Mikey began to gather his gear. “Move in five,” he said.

We packed up our stuff, and right there in the noonday sun, we watched the goatherds, far on the high horizon, finally disappear from view. By my watch, it was precisely nineteen minutes after their departure, and the mood of sheer gloom enveloped us all.

We set off up the mountain, following in the hoofprints of the goats and their masters. We moved as fast as we could, but it took us between forty minutes and one hour to cover the same steep ground. At the top, we could no longer see them. Mountain goats, mountain herders. They were all the goddamned same, and they could move like rockets up in the passes.

We searched around for the trail we had arrived by, found it, and set off back toward the initial spot, the one we had pulled out of because of the poor angle on the village and then the dense fog bank. We tried the radio and still could not make a connection with home base.

Our offensive policy was in pieces.

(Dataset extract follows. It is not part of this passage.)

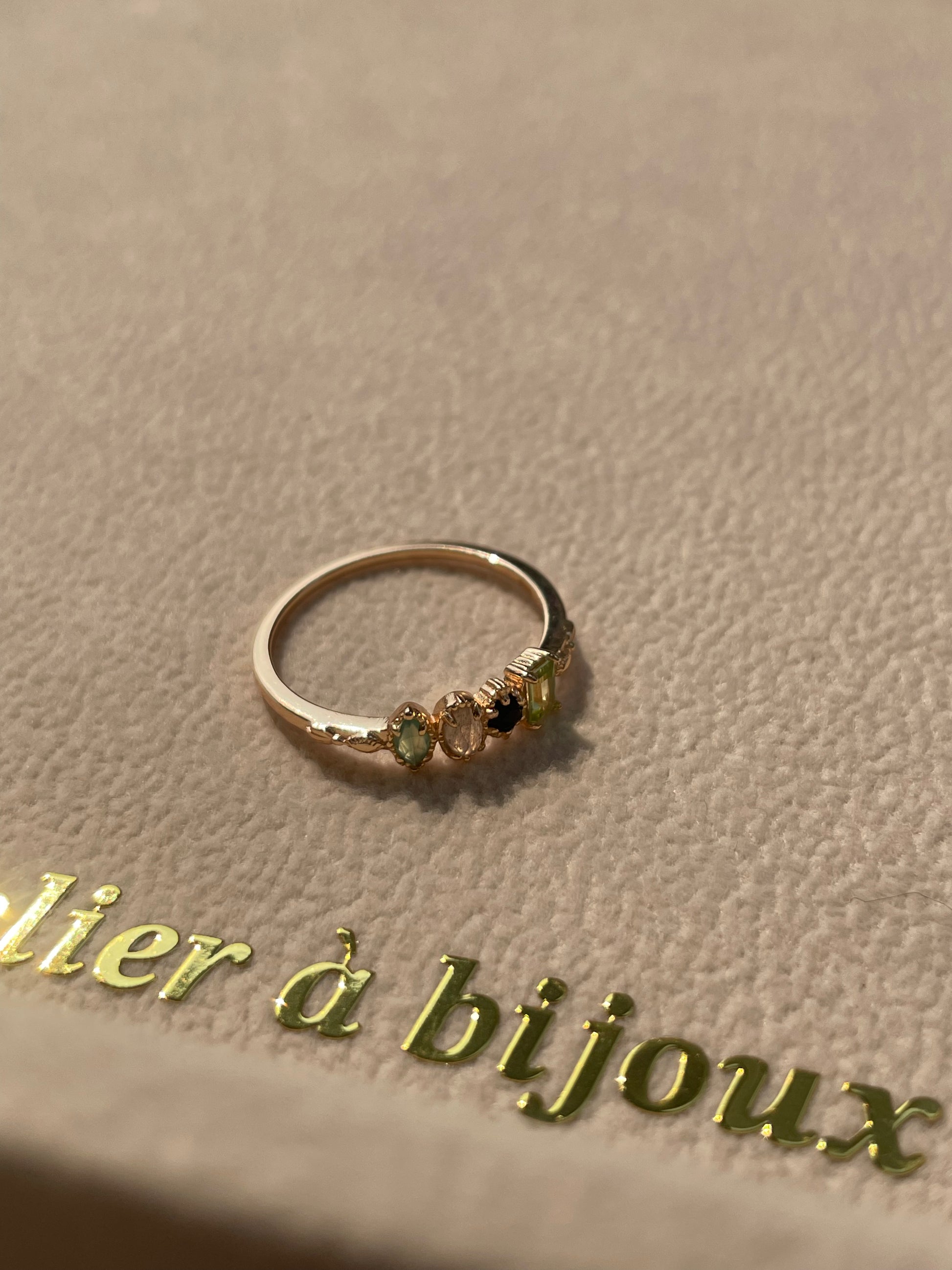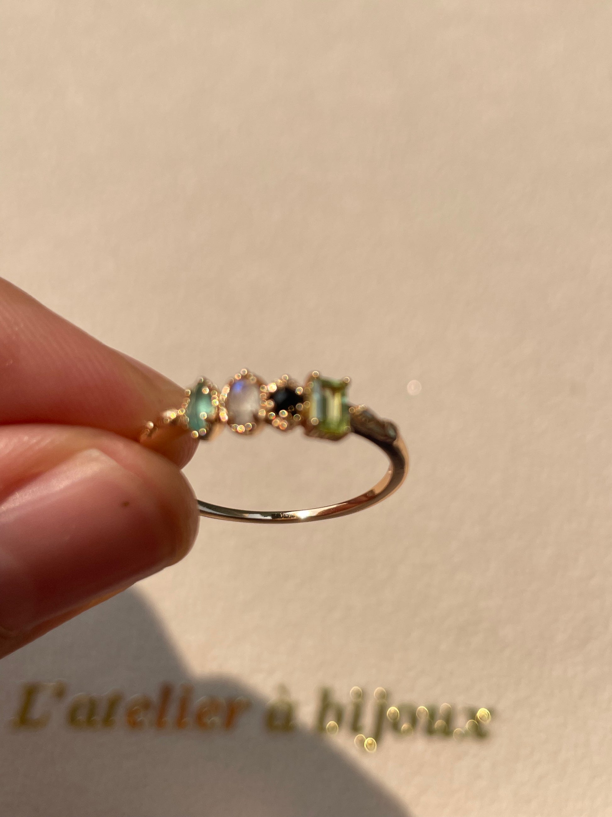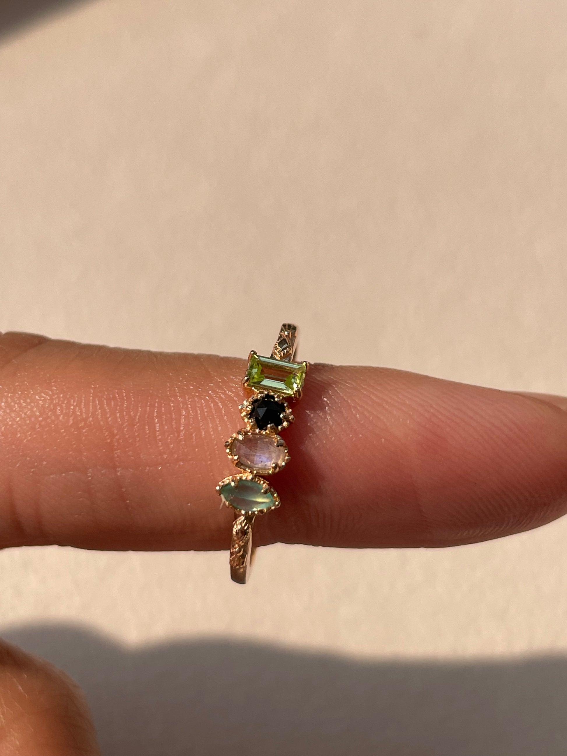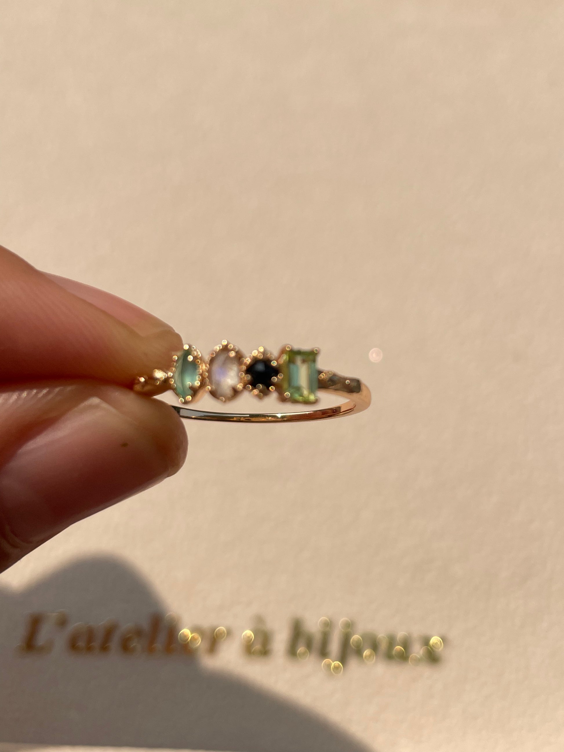 Chiếc nhẫn thanh mảnh được chế tác từ bạc S925 cao cấp, điểm xuyết 5 viên đá quý thiên nhiên: Peridot, Black Agate, Labradorite và Chrysoprase. Sự kết hợp giữa các gam màu xanh non, đen huyền bí, xám ánh khói và xanh ngọc dịu nhẹ tạo nên một tổng thể hài hòa, sang trọng và tinh tế.

But we were headed for probably the best defensive position we had found since we got here, on the brink of the mountain wall, maybe forty yards from the summit, with tree cover and decent concealment. Right now we sensed we must remain in strictly defensive mode, lie low for a while and hope the Taliban had not been alerted or if they had that we would be too well hidden for them to locate us. We were excellent practitioners of lying low and hiding.